A drawing made today may be different from one created tomorrow, it is indicative of the day of testing, making the test unreliable. To solve this problem, tests can be administered periodically to weed out infrequent details, and assessed on trends present in the art. (Golomb, 1995)
Biases by test creators include ignorance of individual variation in drawing style and competence that characterizes all age groups. Sometimes in group variance can be more than between group variance. (Golomb, 1992) Overall impression is more indicative than any one indicator, but often test makers attach strict meanings to form.
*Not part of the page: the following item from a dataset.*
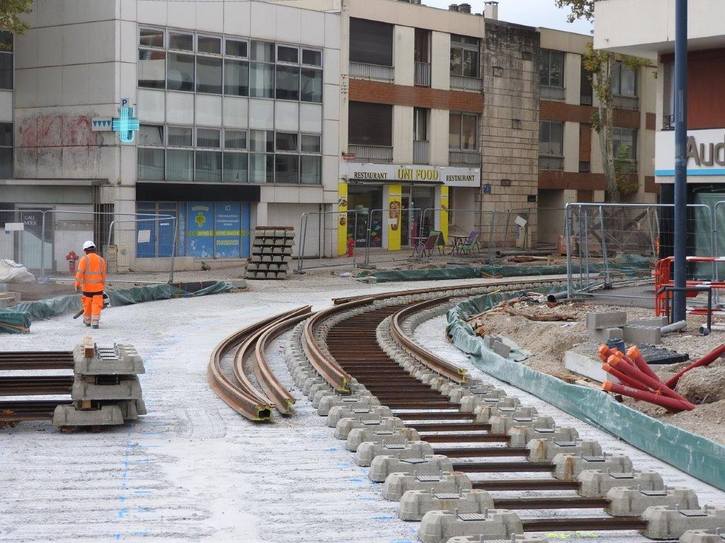 Des voies ferrées sont posées à la jonction de l’avenue Lepic et de la place du 8-Mai-1945 en plein travaux d’aménagement et sur laquelle les automobilistes ont bien du mal à trouver leur chemin en raison d’une nouvelle refonte des sens de circulation intervenue le lundi 30 septembre 2024.

Test markers favor expected outcomes and dismiss unexpected results whether on purpose or unconsciously so that interpretations are accurate (called impossibility of disconfirmation) (Impara, 1995). Another problem is the wrong assumption that an expert's interpretations are more accurate and valid than those made by unqualified people, there is little difference in the credibility of the administrator (called illusionary correlation) (Impara, 1995).
Problems inherent with the notion of drawing tests include unfair representation of norm groups: gender, age and socioeconomic status of the normal and clinical sample may not match up. When working with children in the clinical group, health records may not be viewed.
Utility of the test is questioned, it is only for screening purposes and significant results need additional information for further evaluation. This test is useful when assessing a group of people with unknown mental states than to a group of people already diagnosed with disorders. In the latter case, this test would not provide anymore significant information, resulting in low incremental validity. Drawing tests are good for broad screening purposes.
Despite the weaknesses, drawing tests are used because patients may not be able to express themselves in other means such as talking. Revelation of the unconsciousness by projective tests make them invaluable for clinical use. When used correctly and in conjunction with other tests, these are a useful tool to the psychological testing enterprise.